### PROVIDED MATERIAL
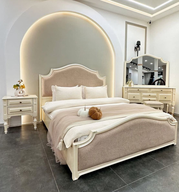 اجزای سرویس خواب: 1 تختخواب دو نفره + 1 پاتختی + میزآرایش و آینه + صندلی میز آرایش
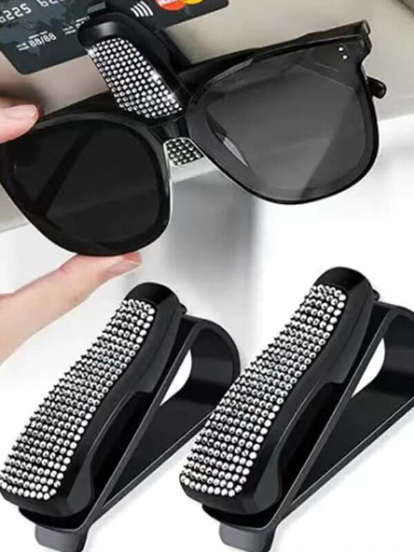 1pc Rhinestone Decor Car Sun Visor Glasses Holder Clip
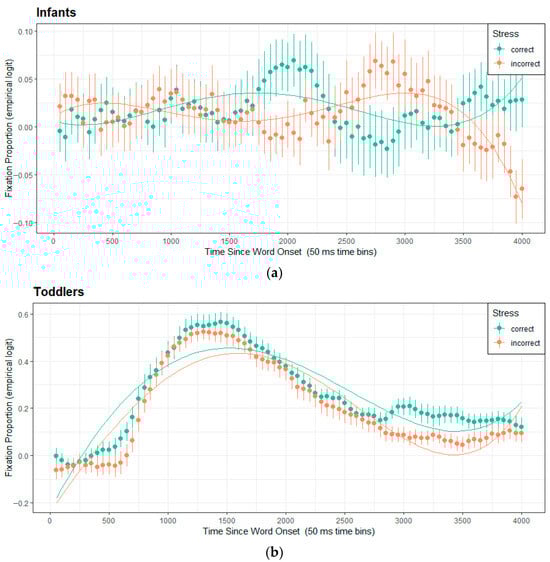 2019) results for 17-month-olds who also reported interactions between word stress and time terms: they interpreted a positive interaction of word stress and the linear time term as indicating that the looking behavior was steeper for correctly compared to incorrectly stressed words. Similarly, they interpreted the negative interaction of word stress and the quadratic time term as indicting less bend in the fixation curve for correctly compared to incorrectly stressed words. From that, the authors concluded that the looking behavior was faster and increased through the whole trial for correctly compared to incorrectly stressed words. The tested infants and toddlers of our study showed the same pattern of results, except that toddlers—but not infants—additionally showed an effect of stress on the intercept.
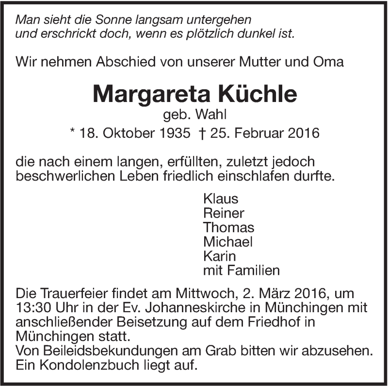 Hier finden Sie alle Traueranzeigen aus der Zeitung, die bisher für Margareta Küchle erschienen sind. Weitere Traueranzeigen, die in der Zeitung erscheinen, werden hier ebenfalls aufgelistet

### WORK REQUIRED
Omit the pictures and reproduce the remaining material above exactly.

### COMPLETED EXERCISE
 اجزای سرویس خواب: 1 تختخواب دو نفره + 1 پاتختی + میزآرایش و آینه + صندلی میز آرایش
 1pc Rhinestone Decor Car Sun Visor Glasses Holder Clip
 2019) results for 17-month-olds who also reported interactions between word stress and time terms: they interpreted a positive interaction of word stress and the linear time term as indicating that the looking behavior was steeper for correctly compared to incorrectly stressed words. Similarly, they interpreted the negative interaction of word stress and the quadratic time term as indicting less bend in the fixation curve for correctly compared to incorrectly stressed words. From that, the authors concluded that the looking behavior was faster and increased through the whole trial for correctly compared to incorrectly stressed words. The tested infants and toddlers of our study showed the same pattern of results, except that toddlers—but not infants—additionally showed an effect of stress on the intercept.
 Hier finden Sie alle Traueranzeigen aus der Zeitung, die bisher für Margareta Küchle erschienen sind. Weitere Traueranzeigen, die in der Zeitung erscheinen, werden hier ebenfalls aufgelistet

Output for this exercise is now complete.